No había encontrado jamás lo que tenía la gente como mi hermano, lo que mi hermana creyó tener hasta que dejó de tenerlo, eso que tú y yo formalizamos ahora: el contrato, el acuerdo, ser uno y un mismo cuerpo para siempre… y, a cambio de todo eso, el apoyo, los nombres cariñosos y las caricias en el pelo por la noche cuando tienes ganas de llorar. Siempre había creído que no lo deseaba, no para siempre, si he de serte sincero, que podría ser una de esas personas que son más felices sin ello.
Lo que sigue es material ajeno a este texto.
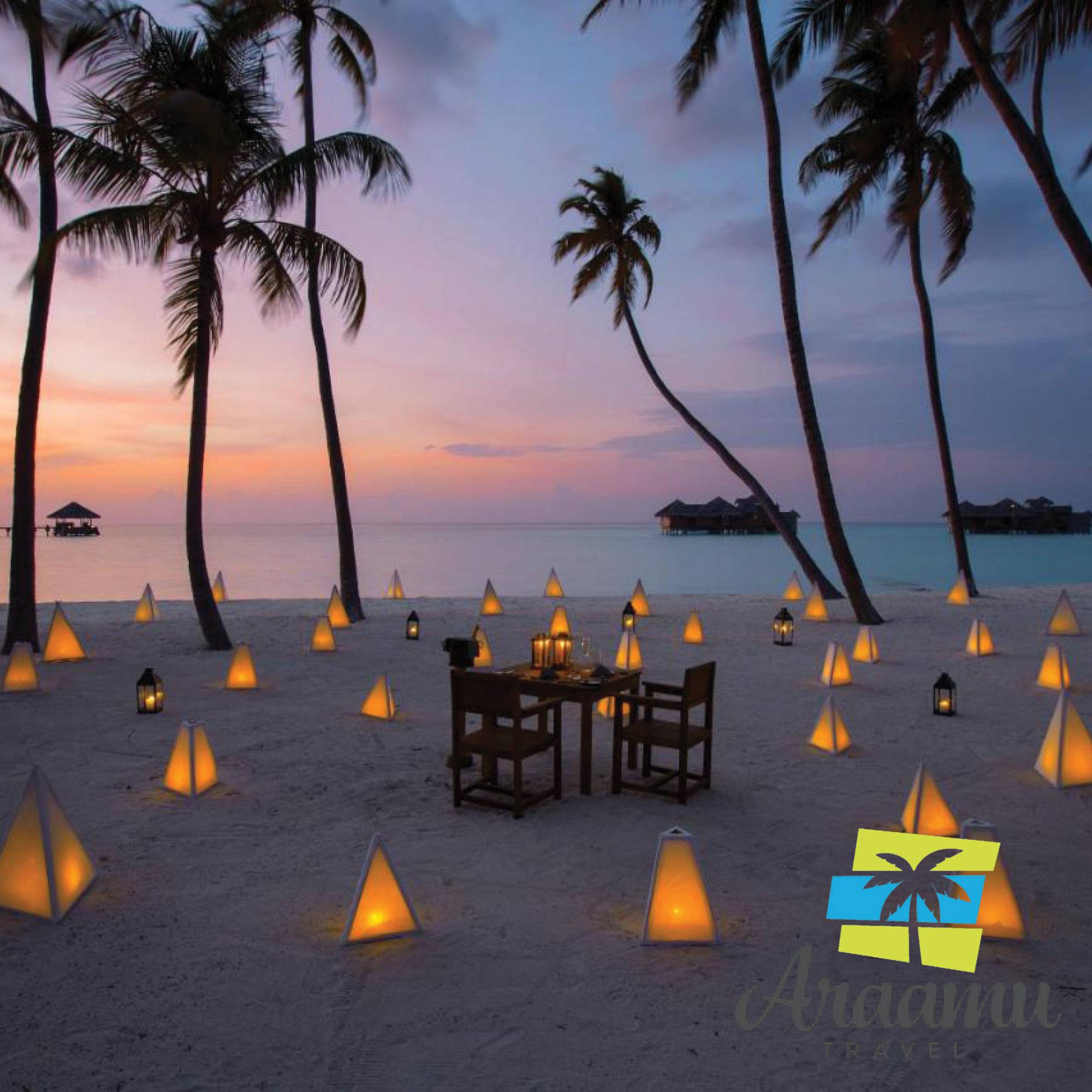 Mivel a sziget egy úgynevezett „mezitlábas sziget”, az étteremnek is természetes homok a „padlózata”. A fő étterem a The Restaurant on the Beach, melyben a reggeli büfét szolgálják fel, valamint este mediterrán specialitásokat kínálnak ázsiai hangulatban. A By the Sea-ben sushi-t, sahsimi-t és japán specialitásokat ízlelhet meg leheletnyi finom perui fűszerezéssel. A The Over Water Bar délben könnyű ételeket, kemencében sült pizzát és változatos büfét kínál. Mindemellett a szálloda gourmet-borospincével rendelkezik, melyben sajtspecialitások is fogyaszthatóak, és medencebárral. Ellátás: reggelis foglalásnál reggeli büfé a főétteremben. Félpanziós foglalásnál: plusz vacsora büfé vagy menü formájában a főétteremben, teljes panziós foglalásnál pedig plusz ebéd az Over Water Bar-ban.

Es posible que el ejemplo de mis padres me disuadiera: empezaron demasiado jóvenes, trajeron sus hijos al mundo sin pensar realmente en lo que estaban haciendo, se olvidaron de lo que en un principio le gustaba al uno del otro. Por entonces me parecía que mis padres tan solo aguantaban, como dos perros viejos atados en la misma caseta pero demasiado cansados para seguir peleándose. En casa se pasaban el día viendo la televisión para no tener que conversar. Estoy seguro de que, en las raras ocasiones en que comían fuera de casa, eran una de esas penosas parejas a las que a veces se ve masticando juntos en silencio.

Fragmento de la novela «El deshielo», de A.D. Miller, Literatura Mondadori, 2013.

Entrevista con el autor en «Un blog supuestamente divertido» (Literatura Mondadori)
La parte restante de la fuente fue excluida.